UTRECHT, The Netherlands – The EU announced it will lift restrictions on imports of raw poultry from Thailand starting July 1. The end of the ban will hopefully cut prices for consumers. The implications of these changes are detailed in a new Rabobank report titled “The Return of Thai Raw Chicken – Global players need to change strategy.”
The EU restrictions started following an outbreak of bird flu in Thailand in 2003. Japan also stopped importing Thai poultry at that time, and there are expectations that it too will now lift those restrictions. Rabobank reports that Brazil will likely be hit hard by the decision to lift the Thai ban because it is currently the major supplier to both Japan and Europe.
The re-opening of the EU and Japanese markets could see Thailand's raw chicken production grow by 20 percent by 2015. The EU and Japan have long favored Thai products for their high quality and low prices and as a result, "Thailand's return to the market will lead to a new wave of investment in the Thai poultry industry as it might offer new growth opportunities," says Nan-Dirk Mulder of Rabobank Food and Agribusiness Research & Advisory.
In the EU, an expected influx of 92,000 tonnes of chicken on to the market is expected to significantly increase price competition between suppliers of raw chicken from Thailand and Brazil.

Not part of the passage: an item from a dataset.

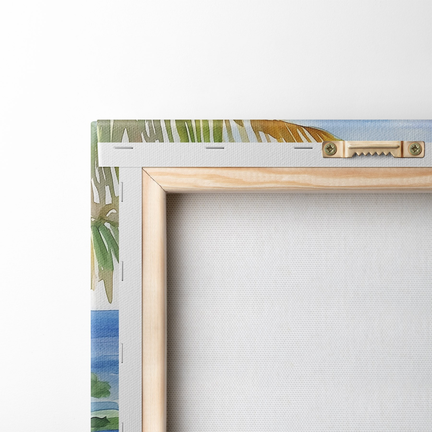 Peintures Plage tropicale, palmiers, fleurs, style aquarelle s44145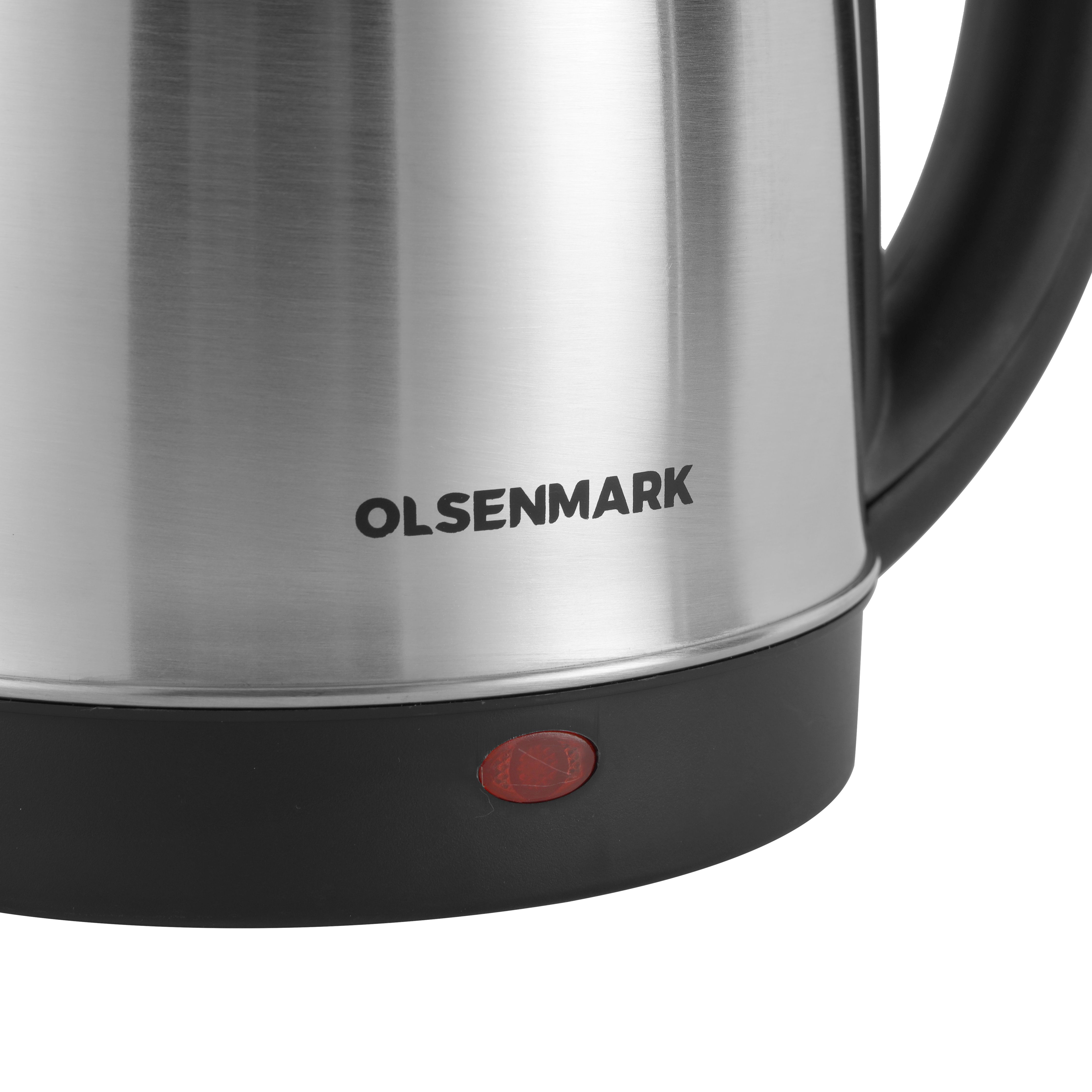 Electric Stainless Steel Kettle, Concealed Heating Elements, Stainless Steel Housing, Over Heating Safety Protection Dry Boil Resistance Auto Power Cut Off 1.8 L 1500 W OMK2233 silver and black

In Japan, the return of Thailand to the market will give traders more options to source products, again to the detriment of Brazil. Japanese imports of Thai raw chicken are set to reach up to 150,000 tonnes within a few years, with imports from Brazil falling from 350,000 tonnes to 250,000 tonnes and lower prices all round, according to Rabobank.
Despite the boost from the lifting of the EU ban, Thailand needs to focus on reducing risks in the industry. According to Rabobank, the bird flu outbreak illustrated the risks of being mostly focused on raw meat and the increased proportion of cooked meat products will help in the event that bird flu returns to Thailand, a country where the disease is endemic. "A well-balanced approach to dealing with the constantly present possibility of an avian influenza outbreak is the base for a strong international position," Mulder says. "An ongoing emphasis on biosecurity will be key."

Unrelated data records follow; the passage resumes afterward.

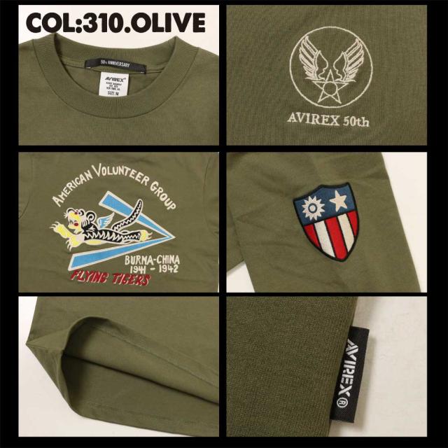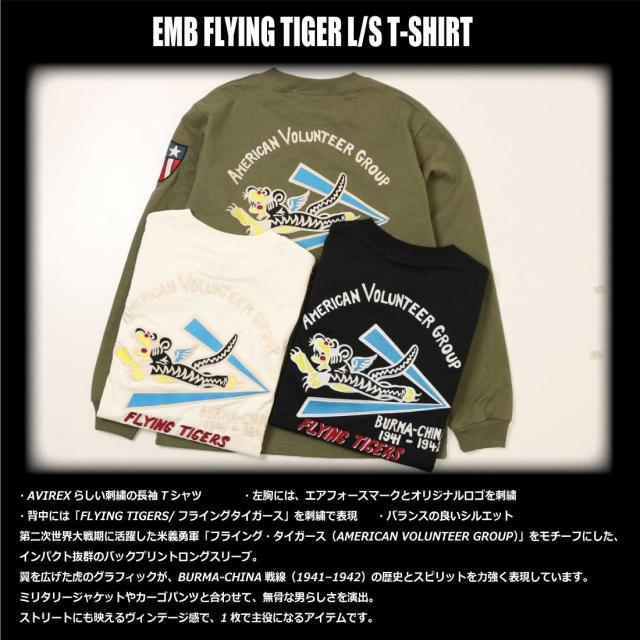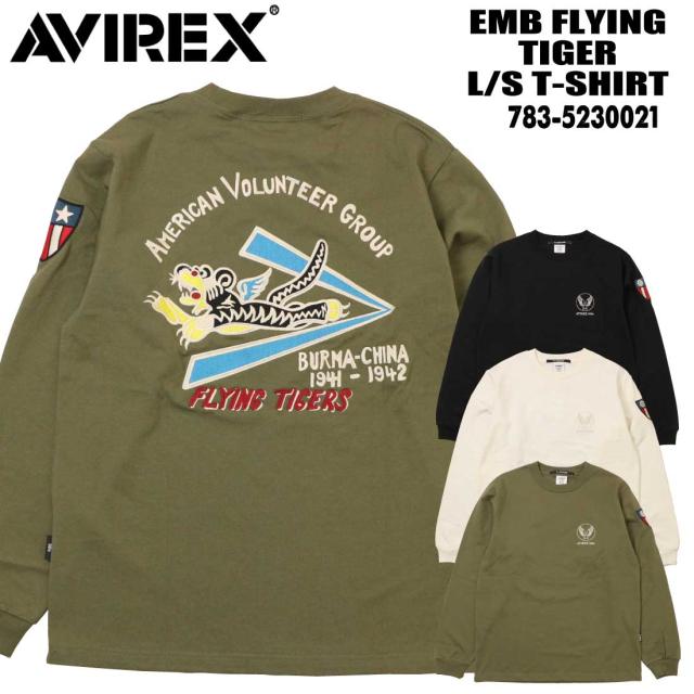 AVIREX アヴィレックス アビレックス 長袖 Tシャツ 783-5230021 クルーネック ミリタリー メンズ トップス EMB FLYING TIGER L/S T-SHIRT ロンT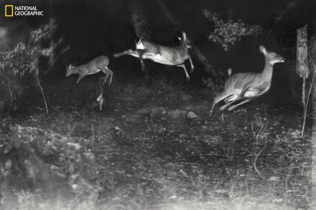 在密歇根州的树林里,相机陷阱首次捕捉到野生动物的夜间影像。早期设备使用玻璃底片和镁光灯。图片来源:George Shiras III / National Geographic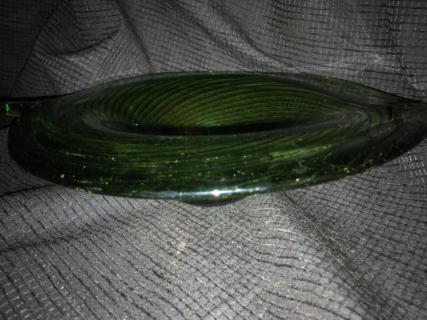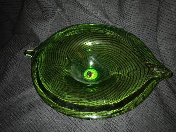 Add a touch of mid-century elegance to your decor with this stunning Echo Point Collection Green Glass Leaf Bowl. This sculptural piece features a flowing leaf-inspired shape with ribbed detailing and a rich emerald-green hue that catches the light beautifully.

To lower its risk, Rabobank believes the Thai poultry industry could:
• Further strengthen and prioritize the country's position as the world's leading cooked meat exporter – pushing growth in raw meat volumes without also investing in primary processing capacity could increase costs for Thailand's processed chicken plants if prices rise.
• Keep emphasizing the strength of the compartmentalization model in global and bilateral trade negotiations - this makes sense from a veterinary perspective but it has been difficult to implement globally.
• Diversify the country's export portfolio, which is currently overwhelmingly focused on the EU and Japan – 90 percent of Thailand's exports go to these two markets. It needs to establish itself in other markets, particularly in Asia and the Middle East.
• Internationalize the industry's business model by investing in production and distribution facilities in leading markets such as China and the EU, something that companies such as CP Foods and Bangkok Ranch have already done.